Anaconda インストールプログラムでは、VNC インストール用に 2 種類のモードが用意されています。これらのモードは Direct Mode および Connect Mode です。Direct モードでは、VNC ビューアーがインストールされているシステムへの接続を開始する必要があります。Connect モードでは、VNC ビューアーへの接続を開始するにはシステムをインストールしておく必要があります。接続が確立されると、この 2 つのモードに違いはありません。選択するモードは、お使いの環境の設定により異なります。
Direct モード
このモードでは、Anaconda でインストールを開始したら VNC ビューアーからの通信を待機するよう設定されます。インストールするシステムで IP アドレスとポートが表示されます。この情報を使って、別のコンピューターからインストールするシステムへの接続を確立します。このため、インストールするシステムで視覚的に対話が可能なアクセスを必要とします。
Connect モード
このモードでは、まずリモートシステム上の VNC ビューアーを リスニングモード で開始します。VNC ビューアーに指定ポートでの着信接続を待機させます。 次に、Anaconda を開始し、起動オプションまたはキックスタートコマンドを使ってリモートシステムのホスト名とポート番号を指定します。インストールが開始されると、インストールプログラムは指定されたホスト名およびポート番号を使用して、リスニング VNC ビューアーで接続を確立します。このため、リモートシステムは、着信ネットワーク接続を許可できるようにしておく必要があります。

VNC インストールモードを選択する際の注意点

  • システムで視覚的に対話可能なアクセス
    • インストールするシステムで視覚的に対話が可能なアクセスがない場合は、Connect モードを使用する必要があります。
  • ネットワーク接続のルールとファイアウォール
    • インストールするシステムでファイアウォールにより着信接続が許可されていない場合は、Connect モードを使用するかファイアウォールを無効にする必要があります。ファイアウォールを無効にすると、セキュリティーに影響を及ぼす可能性があります。
    • VNC ビューアーを実行しているリモートのシステムでファイアウォールにより着信接続が許可されていない場合は、Direct モードを使用するかファイアウォールを無効にする必要があります。ファイアウォールを無効にすると、セキュリティーに影響を及ぼす可能性があります。ファイアウォールの設定方法は『Red Hat Enterprise Linux 7 セキュリティーガイド』を参照してください。
注記
VNC を使ったインストールを開始するには、カスタムの起動オプションを指定する必要があります。これを行う方法は、システムのアーキテクチャーによって異なります。アーキテクチャー固有の設定方法については次を参照してください。

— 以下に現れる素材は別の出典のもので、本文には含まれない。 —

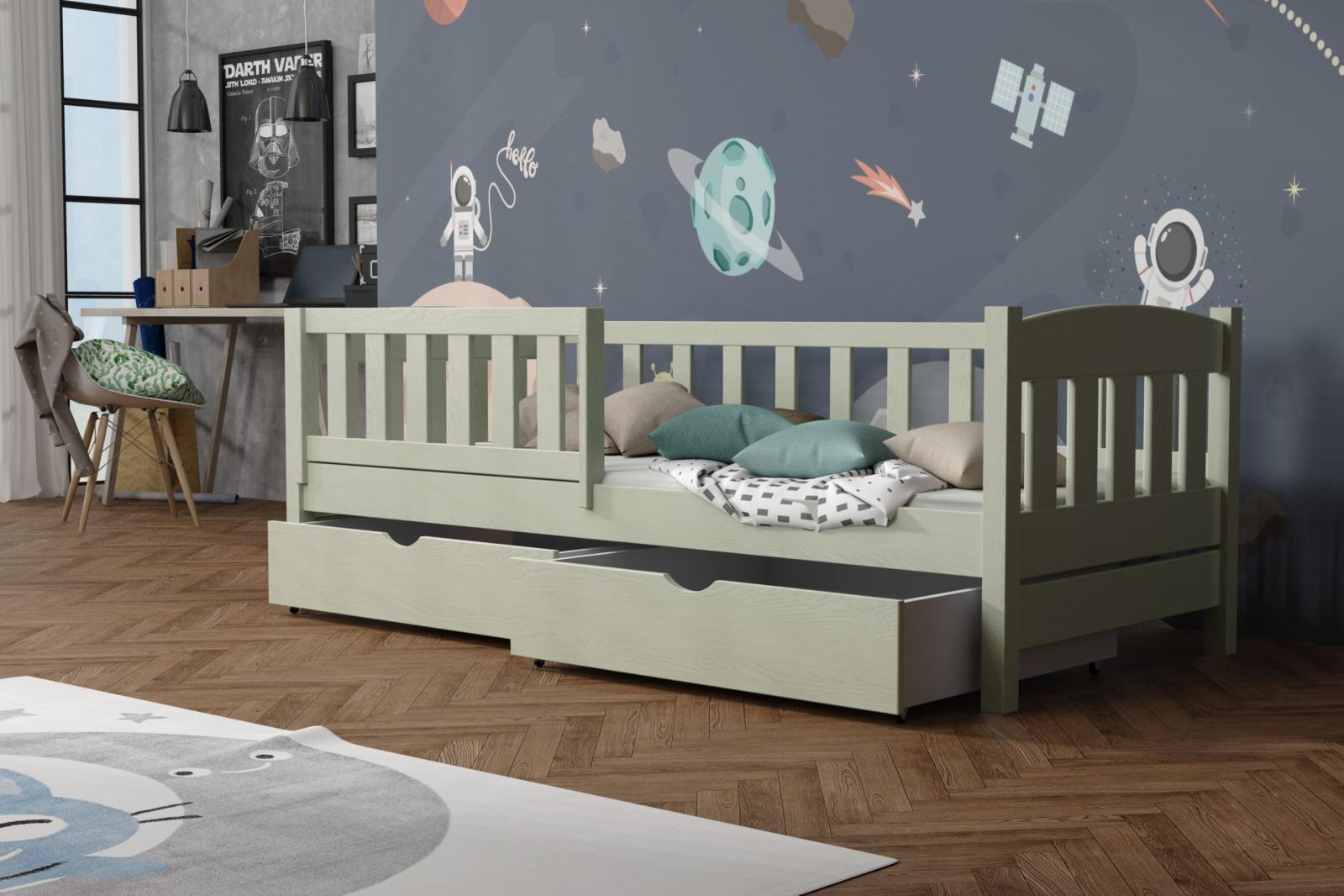 Dětská postel z masivu borovice BEN se šuplíky - 200x90 cm - OLIVOVĚ ZELENÁ

25.2.1. VNC Direct モードでのインストール

Direct モードでは、VNC ビューアーがインストールされているシステムへの接続を開始する必要があります。Anaconda により、この接続を開始するように求められます。

手順25.1 Direct モードで VNC を開始する

  1. インストールされているシステムへの接続に使用するワークステーション上で VNC ビューアーを実行します。たとえば、TigerVNC を使用している場合は、以下のようになります。

    図25.1 TigerVNC の接続詳細

    TigerVNC の接続詳細
  2. インストールシステムを起動し、ブートメニューが表示されるまで待ちます。メニュー内で Tab キーを押して起動オプションを編集します。inst.vnc オプションをコマンドラインの最後に追加します。
    必要に応じて、インストールシステムに VNC アクセスを制限する場合は、inst.vncpassword=PASSWORD 起動オプションも追加します。PASSWORD は、インストールで使用するパスワードに置き換えます。VNC パスワードは 6 文字から 8 文字に設定する必要があります。
    重要
    inst.vncpassword= オプションには一時的なパスワードを使用してください。システムで使用する実際のパスワードまたは root パスワードは指定しないでください。

    図25.2 AMD、Intel、および ARM システムでの VNC ブートオプションの追加

    AMD、Intel、および ARM システムでの VNC ブートオプションの追加
  3. Enter を押してインストールを開始します。システムはインストールプログラムを初期化し、必要なサービスを開始します。システムの準備ができると、以下のようなメッセージが画面上に表示されます。
    13:14:47 Please manually connect your VNC viewer to 192.168.100.131:1 to begin the install.
    IP アドレスとポート番号を書き留めます (上記の例では 192.168.100.131:1)。
  4. VNC ビューアーを稼働しているクライアントシステムで、先の手順で取得した IP アドレスとポート番号を Anaconda で画面表示された形式と同じ形式で Connection Details (接続詳細) ダイアログに入力します。次に、Connect (接続) をクリックします。VNC ビューアーによりインストールシステムに接続されます。VNC パスワードを設定している場合は、プロンプトに応じてこれを入力し、OK をクリックします。
    VNC クライアントの使用に関する詳細は、『Red Hat Enterprise Linux 7 システム管理者のガイド 』の該当するセクションを参照してください。
この手順が終了すると新しいウィンドウが開き、VNC 接続が確立され、インストールメニューが表示されます。システム上での直接インストールと同様に、このウィンドウ内で Anaconda のグラフィカルインターフェースを使用できるようになります。
次のいずれかに進みます。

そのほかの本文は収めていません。